* _TASK_
Please restate each line of the material word for word and omit any pictures.

* _INFORMATION SHOWN_
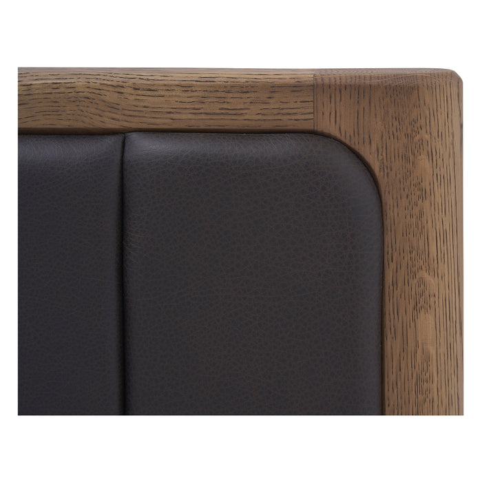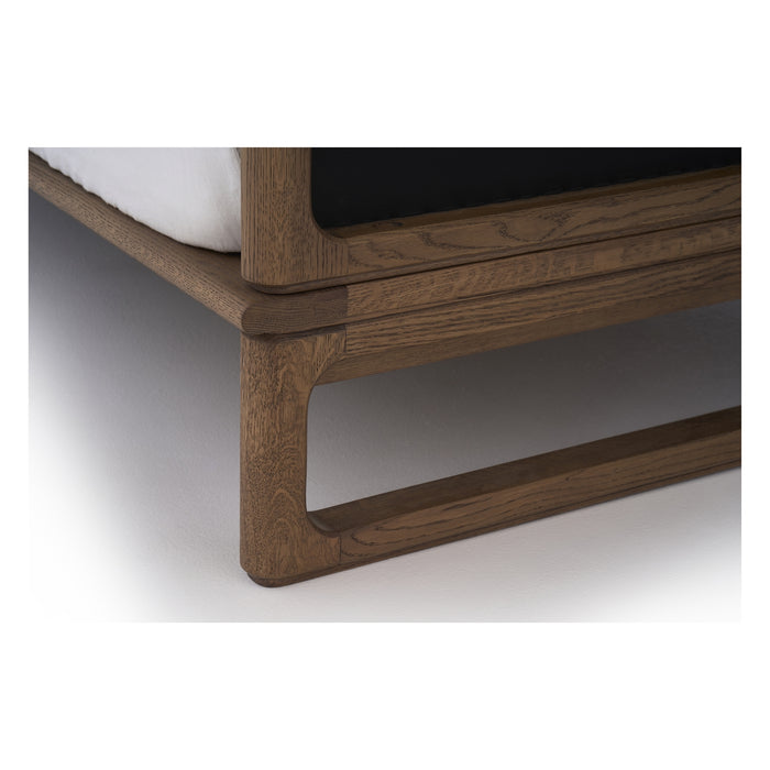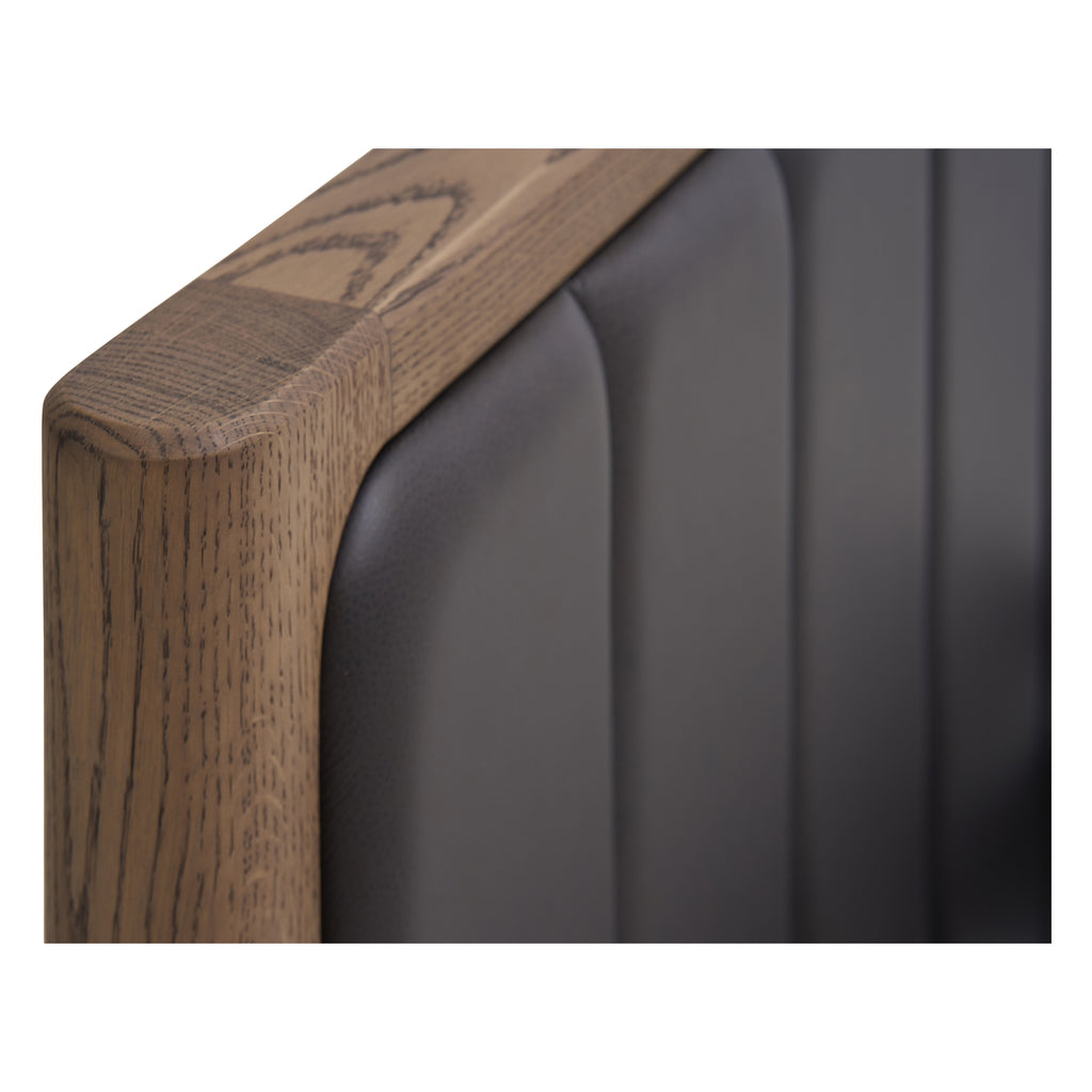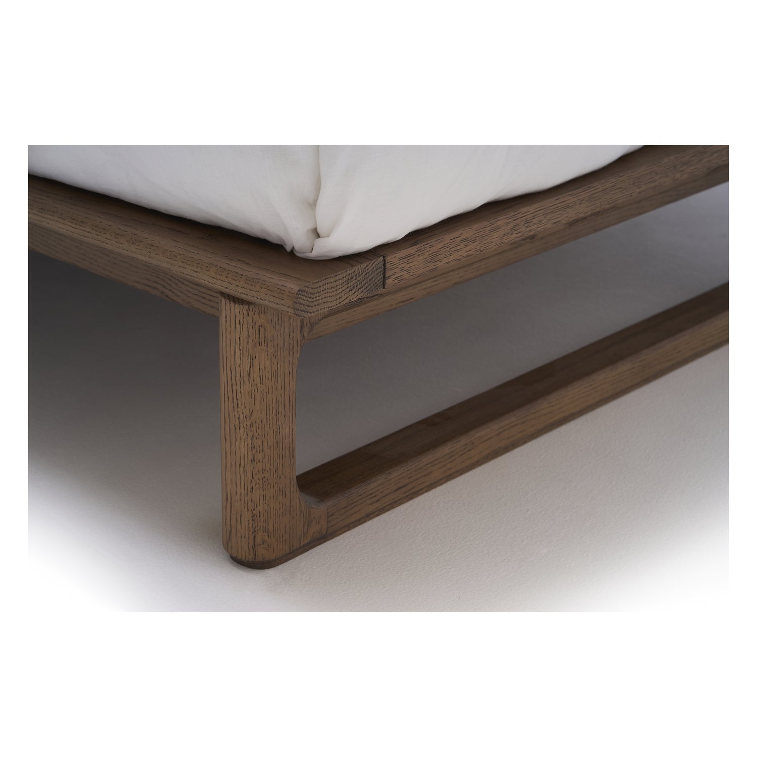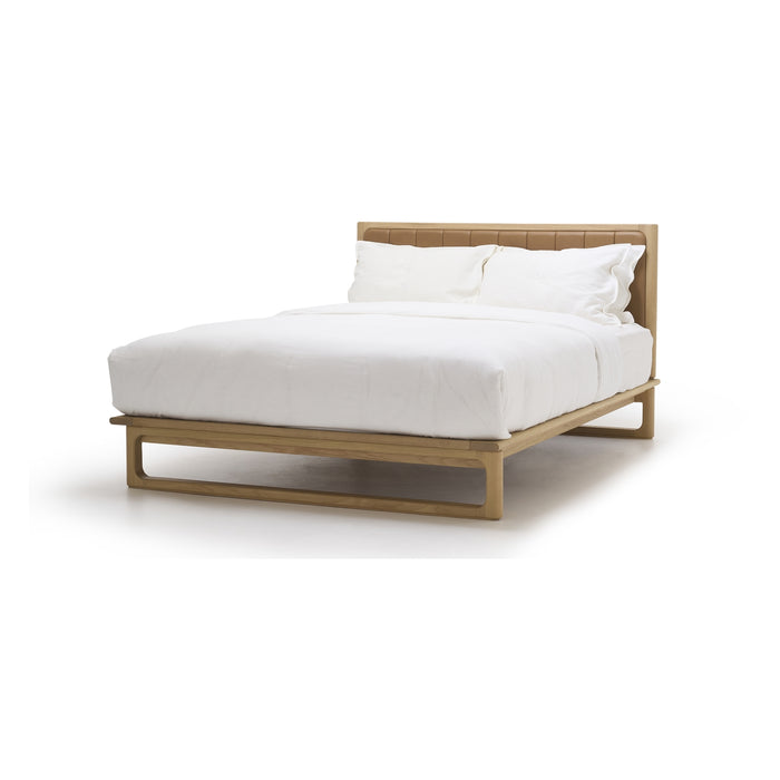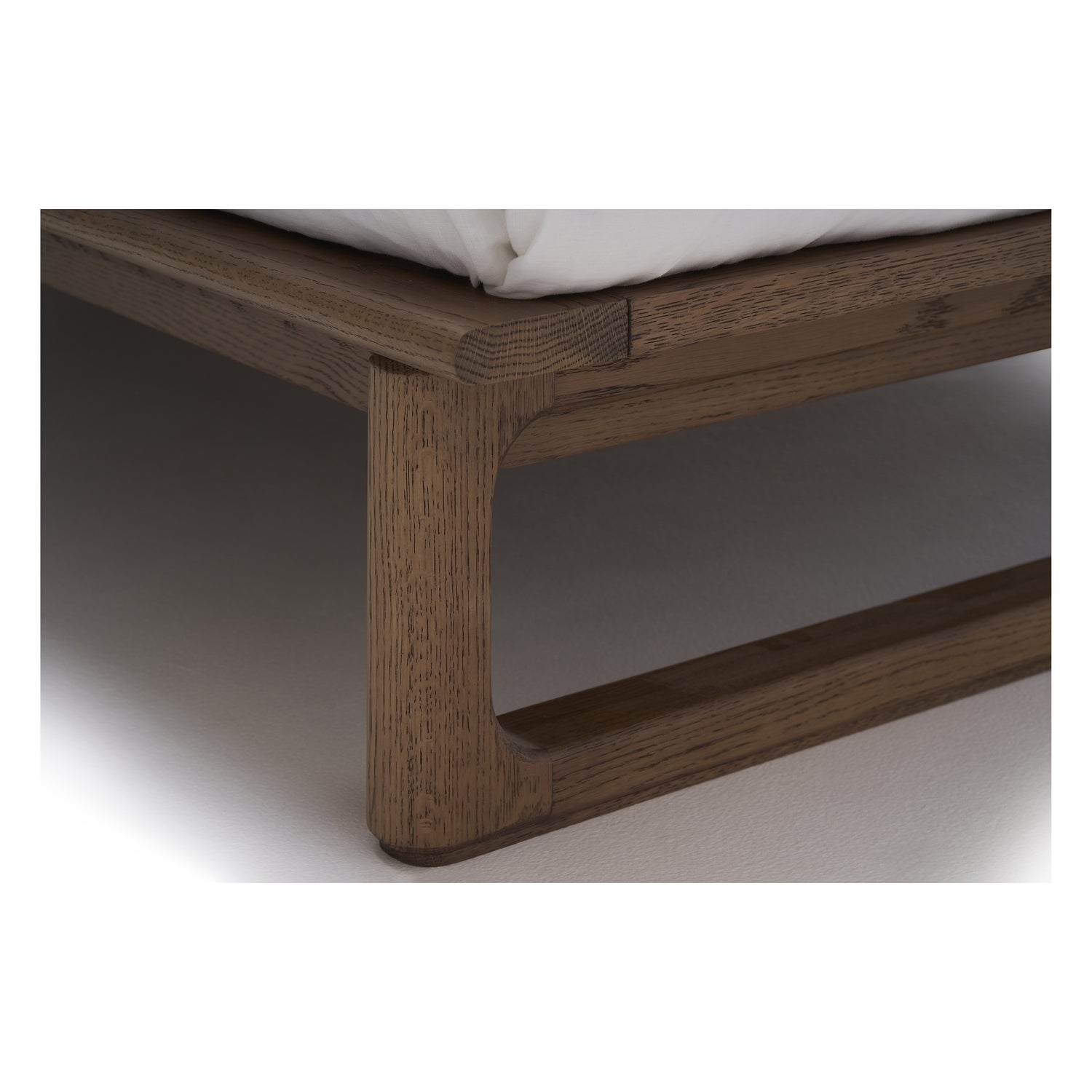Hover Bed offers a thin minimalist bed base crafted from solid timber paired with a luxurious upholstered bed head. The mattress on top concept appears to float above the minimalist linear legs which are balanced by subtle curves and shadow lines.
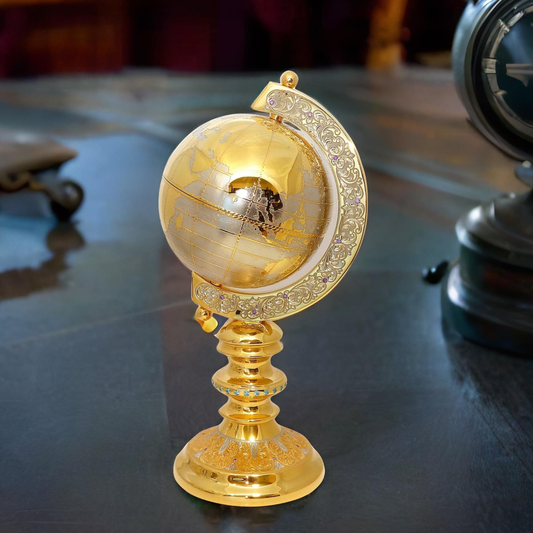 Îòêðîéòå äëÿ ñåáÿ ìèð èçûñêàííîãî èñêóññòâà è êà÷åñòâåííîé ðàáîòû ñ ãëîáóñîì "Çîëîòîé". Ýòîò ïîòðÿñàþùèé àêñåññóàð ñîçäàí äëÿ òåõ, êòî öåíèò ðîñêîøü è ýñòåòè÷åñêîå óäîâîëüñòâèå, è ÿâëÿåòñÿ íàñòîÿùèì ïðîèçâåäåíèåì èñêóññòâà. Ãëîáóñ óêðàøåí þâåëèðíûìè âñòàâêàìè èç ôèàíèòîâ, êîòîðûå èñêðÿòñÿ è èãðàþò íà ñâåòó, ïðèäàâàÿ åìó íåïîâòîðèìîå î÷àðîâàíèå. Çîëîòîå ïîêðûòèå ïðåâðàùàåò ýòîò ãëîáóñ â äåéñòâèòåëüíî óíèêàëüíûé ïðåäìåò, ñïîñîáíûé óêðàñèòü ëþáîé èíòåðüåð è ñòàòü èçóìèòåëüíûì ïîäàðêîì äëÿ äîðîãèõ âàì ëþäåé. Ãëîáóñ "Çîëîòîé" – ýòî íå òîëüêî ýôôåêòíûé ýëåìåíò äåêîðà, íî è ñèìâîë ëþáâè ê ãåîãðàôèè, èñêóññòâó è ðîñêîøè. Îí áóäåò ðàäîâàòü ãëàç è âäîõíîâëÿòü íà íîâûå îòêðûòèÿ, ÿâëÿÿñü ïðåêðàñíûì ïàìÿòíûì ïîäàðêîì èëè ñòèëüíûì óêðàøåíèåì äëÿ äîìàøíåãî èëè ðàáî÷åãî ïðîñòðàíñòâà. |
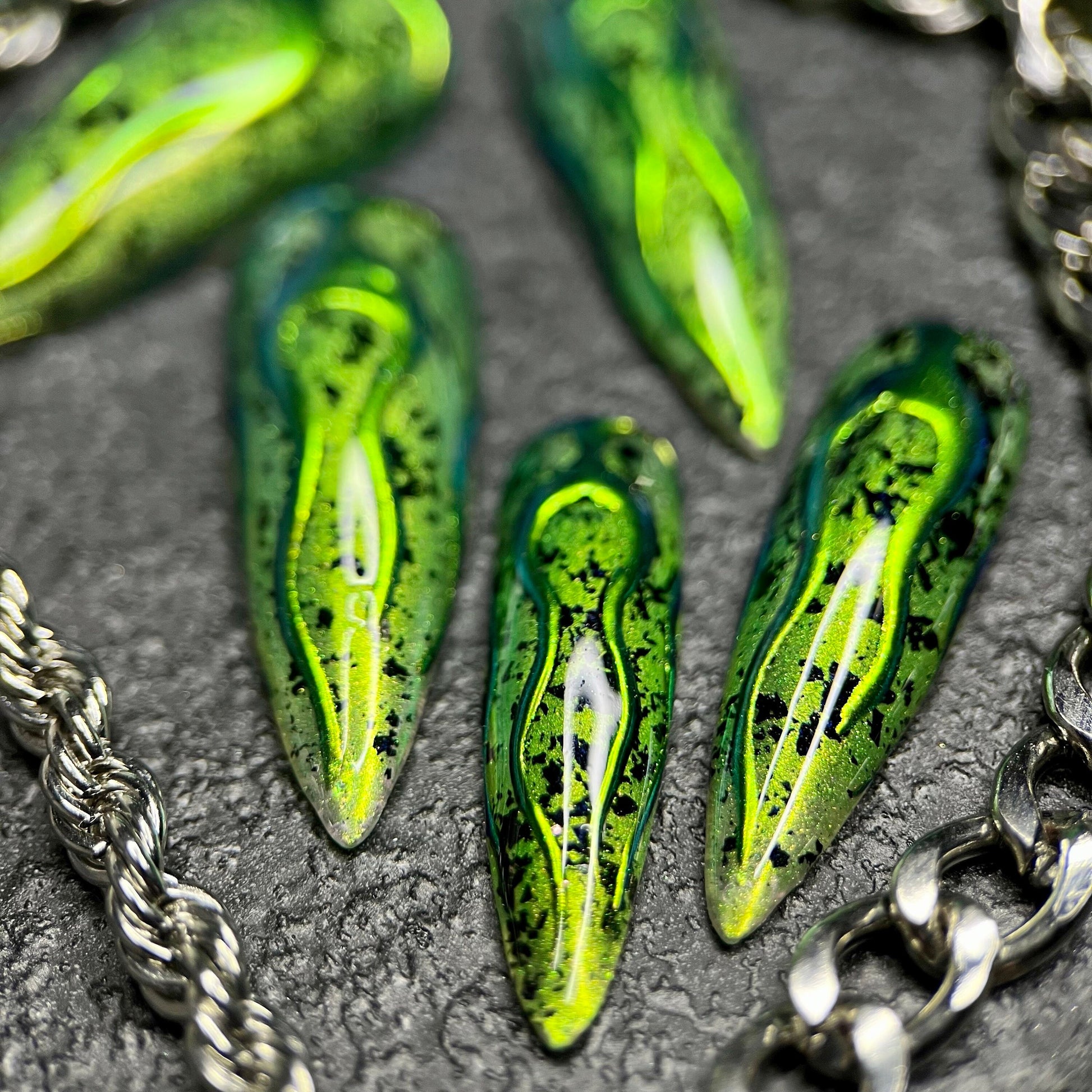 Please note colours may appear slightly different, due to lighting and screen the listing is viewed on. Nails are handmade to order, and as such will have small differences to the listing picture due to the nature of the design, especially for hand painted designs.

* _RESULT OF THIS EXERCISE_
Hover Bed offers a thin minimalist bed base crafted from solid timber paired with a luxurious upholstered bed head. The mattress on top concept appears to float above the minimalist linear legs which are balanced by subtle curves and shadow lines.
 Îòêðîéòå äëÿ ñåáÿ ìèð èçûñêàííîãî èñêóññòâà è êà÷åñòâåííîé ðàáîòû ñ ãëîáóñîì "Çîëîòîé". Ýòîò ïîòðÿñàþùèé àêñåññóàð ñîçäàí äëÿ òåõ, êòî öåíèò ðîñêîøü è ýñòåòè÷åñêîå óäîâîëüñòâèå, è ÿâëÿåòñÿ íàñòîÿùèì ïðîèçâåäåíèåì èñêóññòâà. Ãëîáóñ óêðàøåí þâåëèðíûìè âñòàâêàìè èç ôèàíèòîâ, êîòîðûå èñêðÿòñÿ è èãðàþò íà ñâåòó, ïðèäàâàÿ åìó íåïîâòîðèìîå î÷àðîâàíèå. Çîëîòîå ïîêðûòèå ïðåâðàùàåò ýòîò ãëîáóñ â äåéñòâèòåëüíî óíèêàëüíûé ïðåäìåò, ñïîñîáíûé óêðàñèòü ëþáîé èíòåðüåð è ñòàòü èçóìèòåëüíûì ïîäàðêîì äëÿ äîðîãèõ âàì ëþäåé. Ãëîáóñ "Çîëîòîé" – ýòî íå òîëüêî ýôôåêòíûé ýëåìåíò äåêîðà, íî è ñèìâîë ëþáâè ê ãåîãðàôèè, èñêóññòâó è ðîñêîøè. Îí áóäåò ðàäîâàòü ãëàç è âäîõíîâëÿòü íà íîâûå îòêðûòèÿ, ÿâëÿÿñü ïðåêðàñíûì ïàìÿòíûì ïîäàðêîì èëè ñòèëüíûì óêðàøåíèåì äëÿ äîìàøíåãî èëè ðàáî÷åãî ïðîñòðàíñòâà. |
 Please note colours may appear slightly different, due to lighting and screen the listing is viewed on. Nails are handmade to order, and as such will have small differences to the listing picture due to the nature of the design, especially for hand painted designs.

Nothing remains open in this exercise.